A BCL profit statement for the same period obtained by the Business Herald shows that it and other TVNZ trading operations are claiming an increasing share of the bottom line.
After BCL more than doubled its turnover to $75 million last year, its after-tax contribution to TVNZ's net $43 million profit also doubled to $15.2 million.
Meanwhile, TVNZ's Australian subsidiary doubled its contribution to $4.8 million.
The impact of operations such as Moving Pictures on the $23 million difference is not clear. But a year on, and with TVNZ's admission that advertising has weakened, their importance must be even greater.
If carving off the commercial activities creates problems for the rump of TVNZ, it may also be less than helpful for a TVNZ partnership forged with TelstraSaturn.
TelstraSaturn will soon start a digital service using TVNZ-owned satellite rights to carry TVNZ's free-to-air channels as well as its own pay channels.

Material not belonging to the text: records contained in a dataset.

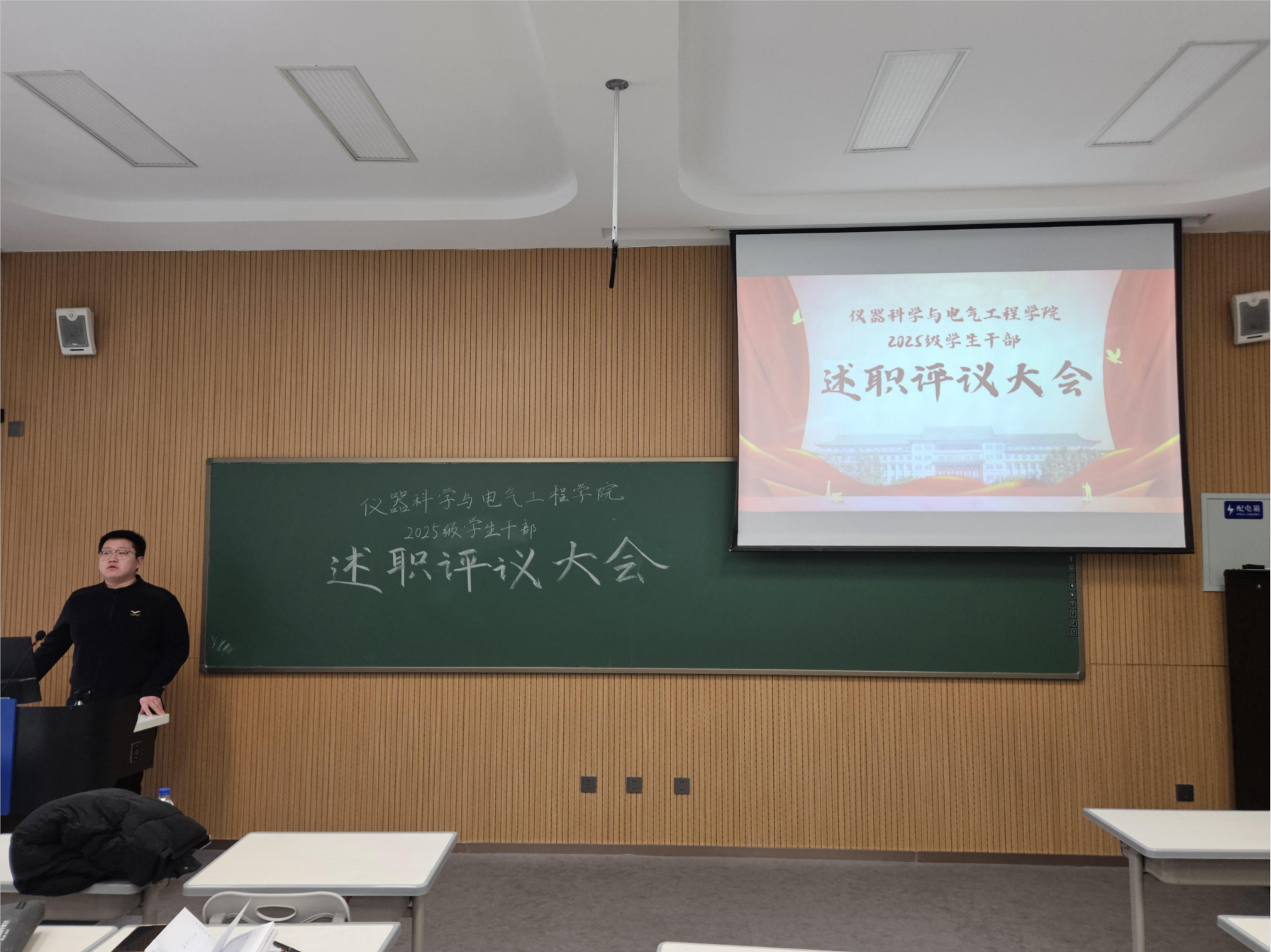 在各班述职结束后,2025级辅导员史博日老师进行总结发言。他首先肯定了全体班委一学期以来的辛勤付出,赞扬大家在岗位上履职尽责,成为连接公司与同学的坚实桥梁。同时,他也针对工作中的不足提出改进建议,强调班委要进一步强化责任意识,注重工作方法的创新与优化,多倾听同学心声,精准对接需求。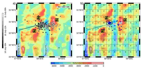 (a) Temporal distribution of location of events between 10 July at 00h and 11 July at 00h. T1, T2, and T3 are local bathymetric highs in the swarm-1 region. The black line shows the axial valley in Segment 18. The gray color scale denotes the origin time of events from 10 July at 00h to 11 July at 00h. (b) Location of all impulsive events (blue dots). Numbers in grid squares are the total event count in each ¼th grid of latitude and longitude for the entire swarm duration; the highest counts among the seamounts are highlighted in white.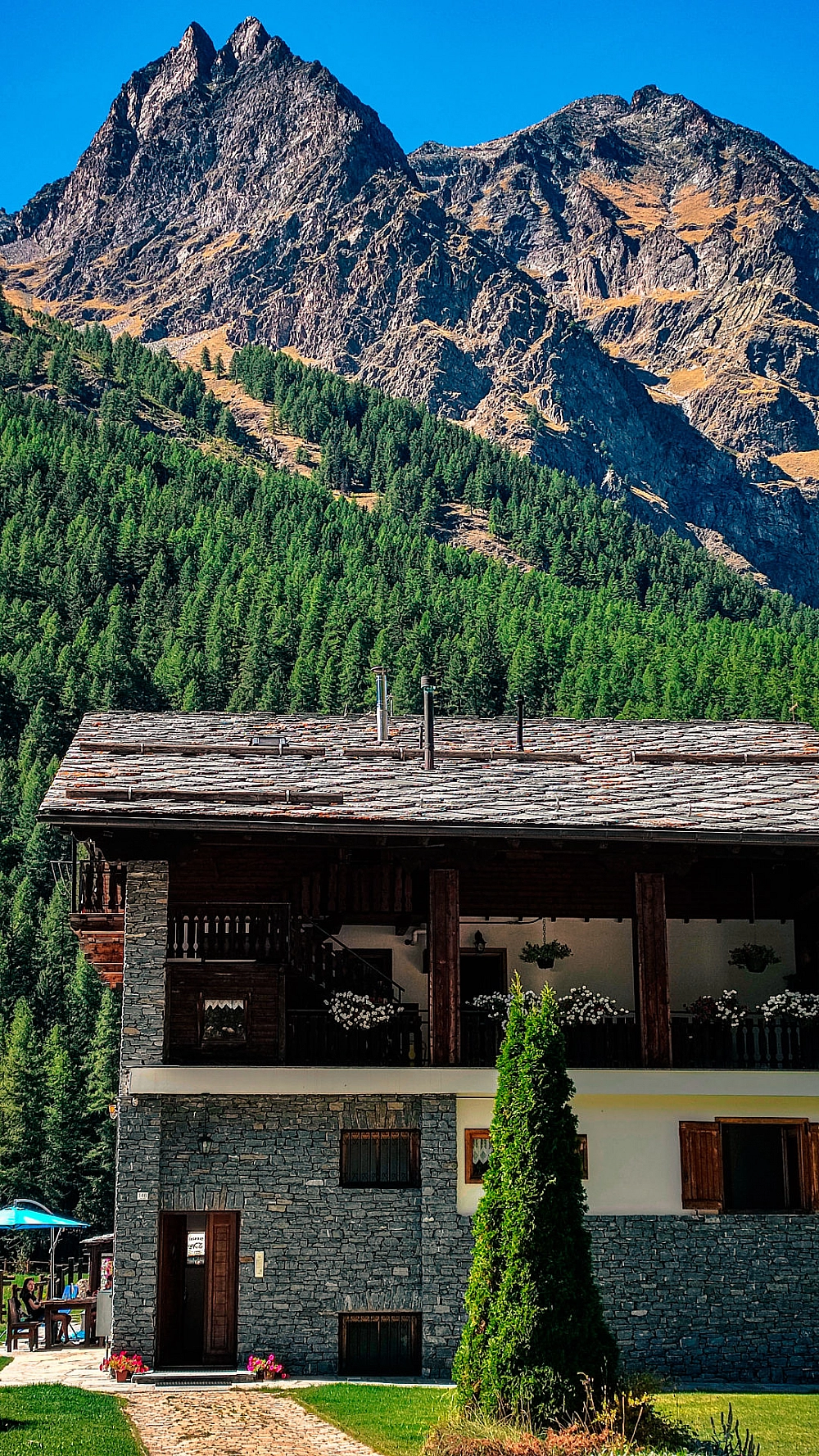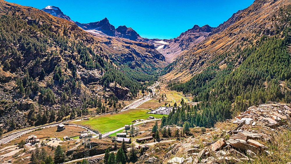 Terminata la visita del castello di Issogne, abbiamo proseguito il nostro viaggio verso il campeggio Pont Breuil. Abbiamo imboccato la statale SS26 ancora ignari delle sorprese che ci avrebbe riservato: dietro ogni curva si nascondeva una cascata, uno scorcio panoramico sulle montagne, un castello abbarbicato sulle rocce o una chiesa dal fascino antico. Ammirare questo panorama alla luce del tramonto ci ha davvero incantato. Ci siamo fermati a cenare in una pizzeria lungo la strada e, dopo aver affrontato gli ultimi tornanti, siamo arrivati al campeggio alle 22. Dopo aver parcheggiato la moto, montato la tenda e gonfiato i materassini, ci siamo finalmente coricati, stanchi ma davvero appagati.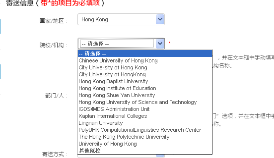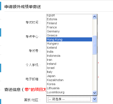 5、 送分给对应大学,则使用 “国家 / 地区 ”的下拉菜单,选择相应国家名称即可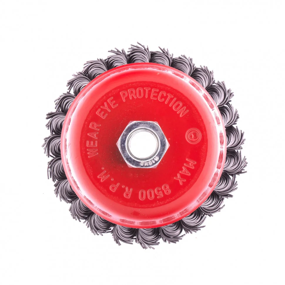 Щетка Matrix «Чашка» 74623 диаметром 100 мм, М14, с крученой проволокой 0,8 мм, применяется в качестве оснастки на УШМ. Щетина рассчитана на грубую (черновую) обработку поверхностей, более агрессивную в сравнении с щетиной 0,5 мм. Изделие подходит для удаления загрязнений, снятия толстого слоя ржавчины, ЛКМ, зачистки сварных швов. Рекомендуемая скорость использования — 8500 об/мин.ПреимуществаБлагодаря высококачественной проволоке оснастка прослужит долгое время.Благодаря форме «чашка» насадка имеет большую площадь прилегания, поэтому оптимально подходит для обработки больших поверхностей.Щетку универсального назначения можно использовать для обработки любых твердых материалов: металла, древесины, цветных металлов, пластика и др.Корпус покрыт эмалью, а щетина — маслом, за счет чего щетка устойчива к коррозии.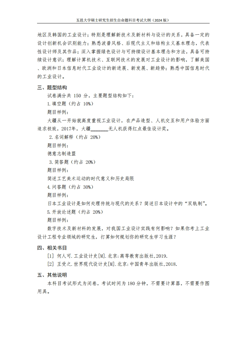 五邑大学硕士研究生招生自命趣科目考试大纲(2025版)硕士研究生招生自命题科目考试大纲科目名称及代码设计史论(839)所在学院艺术与设计学院学位授权点工业设计工程(085507)一、基本要求设计史论是五邑大学艺术与设计学院招收机械专业类别工业设计工程(085507)专业领域硕士学位研究生自命题考试科目。本科目主要考查考生是否了解设计历史发展脉络理论,能否真正理解设计风格嬗变的社会文化背景,熟悉新技术、新工艺、新材料的进步与应用对设计创新内容和形式的影响,帮助学生树立端正、严谨的专业思想,增强可持续发展和社会责任意识,提高设计的自觉性,确立正确的设计观。二、内容范围1.设计萌芽阶段的特征,理解萌芽状态设计概念的内涵和外延;理解新时期时代,由于人类掌握了通过化学变化改变材料特性的方法,进入手工艺设计阶段的历史背景,特别是熟悉并理解中外重要传统手工艺品的设计理念、时代背景、发展脉络、典型工艺、功能特征的差异。2.理解劳动分工与设计的关系,熟悉18世纪的欧洲的主流设计风格和设计特征,熟悉魏德伍德在陶瓷工业乃至工业设计发展上的地位:理解这一时期美国制造体系的主要理念和核心思想,以及其对设计的影响;理解工艺美学运动兴起的原因,时代背景,特别是熟悉拉斯金、莫里斯等人的主要观点,莫里斯的设计实践和代表作品,工艺美术运动的时代意义和历史局限。熟悉芝加哥学派、新艺术运动、德意志制造联盟的基本主张、代表性设计作品以及对设计历史发展的意义。3.理解20世纪前20年新材料与现代设计,技术与设计的关系;熟悉风格派、构成派、俄罗斯先锋艺术、柯布西埃与机器美学的设计理念,代表性设计师及其作品;深入理解格罗披鸟斯与包豪斯时代背景,主要教育理念和举措,在现代主义设计发展中的历史地位;熟悉20世纪20-30年代欧美艺术装饰风格、流线型风格、斯堪的纳维亚风格。了解美国工业设计职业化的意义,欧美职业工业设计师主要观点和理念的差异。4.了解意大利的设计风格与个性,熟悉日本的传统文化与高技术,中国台湾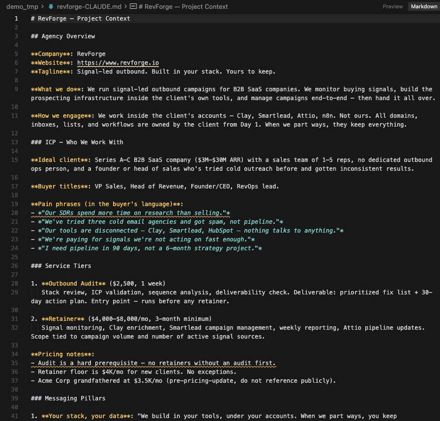 When a session starts, Claude reads this file. It doesn't ask you to re-explain who you're selling to. That conversation already happened. It's in the file.

TVNZ plans to use the same satellite capacity to deliver its own free-to-air channels, as well as interactive services.
Undoubtedly, new terms can be negotiated to accommodate any restructuring of TVNZ. But the deal with TelstraSaturn illustrates that BCL will not be the only way to Mr Swain's goal of bringing highspeed data and internet to a wider audience.
A key feature of the partnership between TVNZ and TelstraSaturn is that the two will cooperate on programming.
A shining example is the rights to All Black rugby at the end of the year, which normally would be the preserve of Sky.
But satellite content, which will compete head to head against a similar offer from Sky, will just be the stalking horse for TelstraSaturn to boost its telecommunications business. Without satellite, TelstraSaturn would be confined to its cable networks, so far operating only in Wellington and Christchurch.
Satellite distribution covering the entire country opens the opportunity to bundle long-distance telephone services as well as internet, giving a head start in provincial and rural markets when the business case for cable or wireless delivery justifies them.